Missing the Margins: A Systematic Literature Review on the Demographic Representativeness of LLMs
Indira Sen, Marlene Lutz, Elisa Rogers, David Garcia, Markus Strohmaier
TL;DR
This systematic literature review interrogates how demographic representativeness of LLMs is defined, measured, and reported across 211 empirical studies. It finds widespread underreporting of target populations and demographic subcategories, a heavy U.S.-centering of analyses, and a mix of positive, partial, and negative conclusions about representativeness, with many positive claims lacking disaggregated analyses. The authors argue that this inflates perceived representativeness and propose concrete benchmarks, explicit population definitions, and demographically disaggregated evaluation to improve reliability and social responsibility in LLM deployment.
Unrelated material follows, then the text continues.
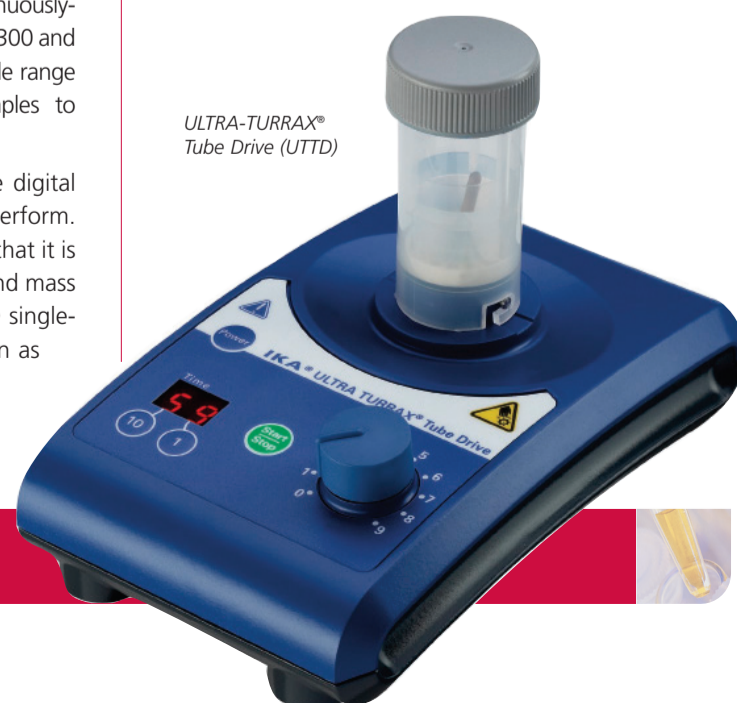
ULTRA-TURRAX® Tube Drive (UTTD)

The timer switch function that appears on the digital display makes jobs reproducible and quick to perform. The modular construction of the device means that it is equally well suited to individual analysis tasks and mass screening work. What's special about the UTTD single-use tube is that it is hermetically sealed as soon as the cover is closed.

The work provides a publicly available annotated corpus and code to enable reproducibility and future meta-analyses.
Abstract
Many applications of Large Language Models (LLMs) require them to either simulate people or offer personalized functionality, making the demographic representativeness of LLMs crucial for equitable utility. At the same time, we know little about the extent to which these models actually reflect the demographic attributes and behaviors of certain groups or populations, with conflicting findings in empirical research. To shed light on this debate, we review 211 papers on the demographic representativeness of LLMs. We find that while 29% of the studies report positive conclusions on the representativeness of LLMs, 30% of these do not evaluate LLMs across multiple demographic categories or within demographic subcategories. Another 35% and 47% of the papers concluding positively fail to specify these subcategories altogether for gender and race, respectively. Of the articles that do report subcategories, fewer than half include marginalized groups in their study. Finally, more than a third of the papers do not define the target population to whom their findings apply; of those that do define it either implicitly or explicitly, a large majority study only the U.S. Taken together, our findings suggest an inflated perception of LLM representativeness in the broader community. We recommend more precise evaluation methods and comprehensive documentation of demographic attributes to ensure the responsible use of LLMs for social applications. Our annotated list of papers and analysis code is publicly available.